Brace yourself, because in a few moments, you'll be asked to get naked — financially, that is. 

The Financial Gym isn't a gym, per se, and the workout you're about to endure isn't for your glutes. Rather, the Financial Gym offers an exercise regimen tailored to another integral aspect of your life: your budget.

Your first workout at the gym, which founder Shannon McLay has cheekily dubbed the "financially naked session," might involve a glass of wine, a box of Kleenex, and a radical re-envisioning of your finances. You'll be asked a number of questions. How much money do you make? Are you in debt? What kind of credit cards do you use? Do you want to own a house? Do you want to travel the world? Are you getting married? Are you planning on having a baby?

From there, you'll be assigned a trainer and a finance fitness plan that's customized to your specific finance goals. Or, as McLay puts it: "A diet regimen that's like Weight Watchers, but for your budget."

The Financial Gym, which opened its new headquarters on 25th Street in early February, is the fruition of an idea envisioned by McLay four years ago, when she was working as a financial advisor at Merrill Lynch.

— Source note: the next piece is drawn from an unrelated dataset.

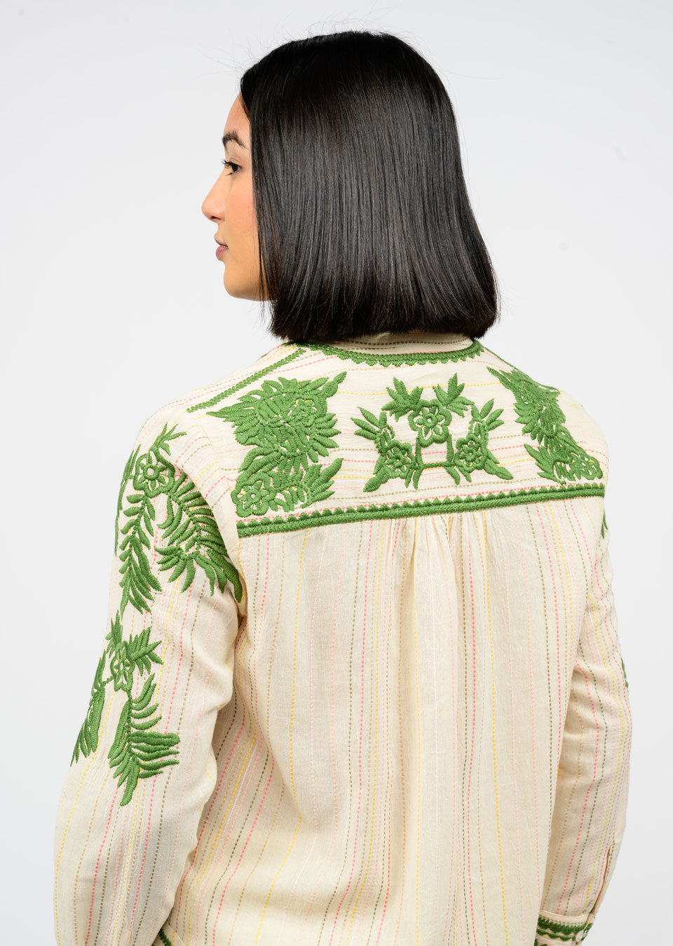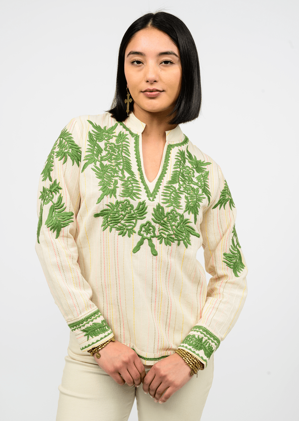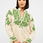 This effortlessly chic blouse features lush green floral embroidery that pops against a soft cream background.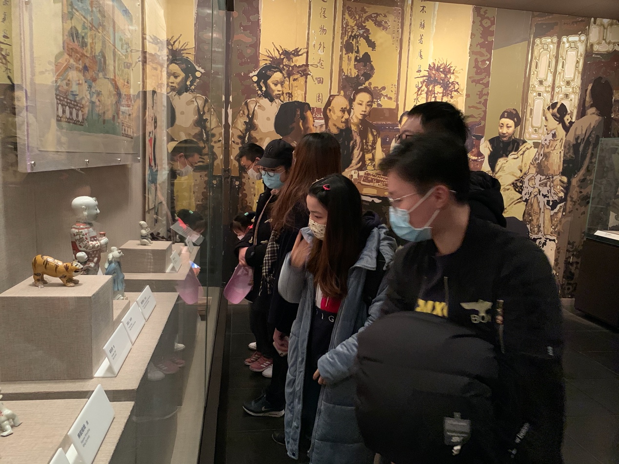 展厅第五层是“京城旧事——老北京民俗展”。以皇城为背景,将清末年至民国年间的礼俗采用戏剧化的表现手法,以文物作为道具,以最具北京民俗特色的元素符号——胡同、四合院及大幅场景画、投影短篇为舞台,强化了文化的生态性,使民俗事项的表现历历在目、清晰亲切,让同学们纷纷感叹梦回老北京的同时,对京城旧事有了更全面的理解。

As a financial advisor with over a decade of experience in investment banking, McLay repeatedly received requests from friends and colleagues to help them sort out their finances.

Financial Gym

"People were constantly coming up to me who didn't have $250,000 in assets and asking, 'Hey, can you help me with my money?'" she said. "I realized that they wanted to talk to someone about how to manage their money. They wanted to go to a place. And I realized that most people don't have a place that exists where they can talk about their finances."

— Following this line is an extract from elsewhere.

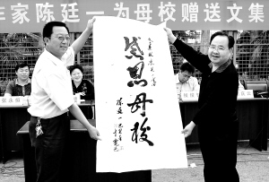 5月28日,我国传记文学的扛鼎作家、素有“南叶北陈”(上海的叶永烈)之称的陈廷一(右一)再次回到阔别已久的母校——鹿邑县第一高级中学,为母校赠送文集,并题写“感恩母校”赠言。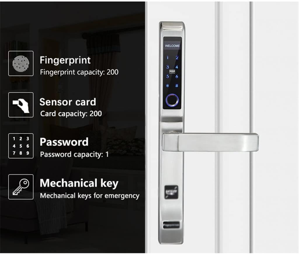 1. Unlock by Fingerprint, Code, Card, and mechanical key.

But creating a financial advisory company in New York that provided a physical location as its primary offering was an uphill battle for McLay, who received pushback from investors from the very start. As she attempted to acquire funding for her first investment round, she was repeatedly dogged with the questions of, "Why can't this be an app? Why does this need to be a place?"

For McLay, the answer to these inquiries was obvious. The Financial Gym could only ever be a place, she felt, because in order to effect positive change in people's lives, they needed not only a human connection, but an environment where they felt comfortable talking about their finances.

"The majority of our client meetings start out with people talking about fear and shame —  these are the two words that always come out," she said. "People are walking around, totally overwhelmed by feelings of fear and shame when it comes to their finances, and it's like, what, you're going to go to an app to figure that out?"

McLay is determined to offer everything that an app can't: a holistic approach to finances tailor-made to each client's life goals.

"We plan finances around our clients' lives and what they want out of life," she said. "We ask them if they want kids, if they want to retire earlier, if they want to backpack around the world for a year, and we try to find a financial path that fits their aspirations."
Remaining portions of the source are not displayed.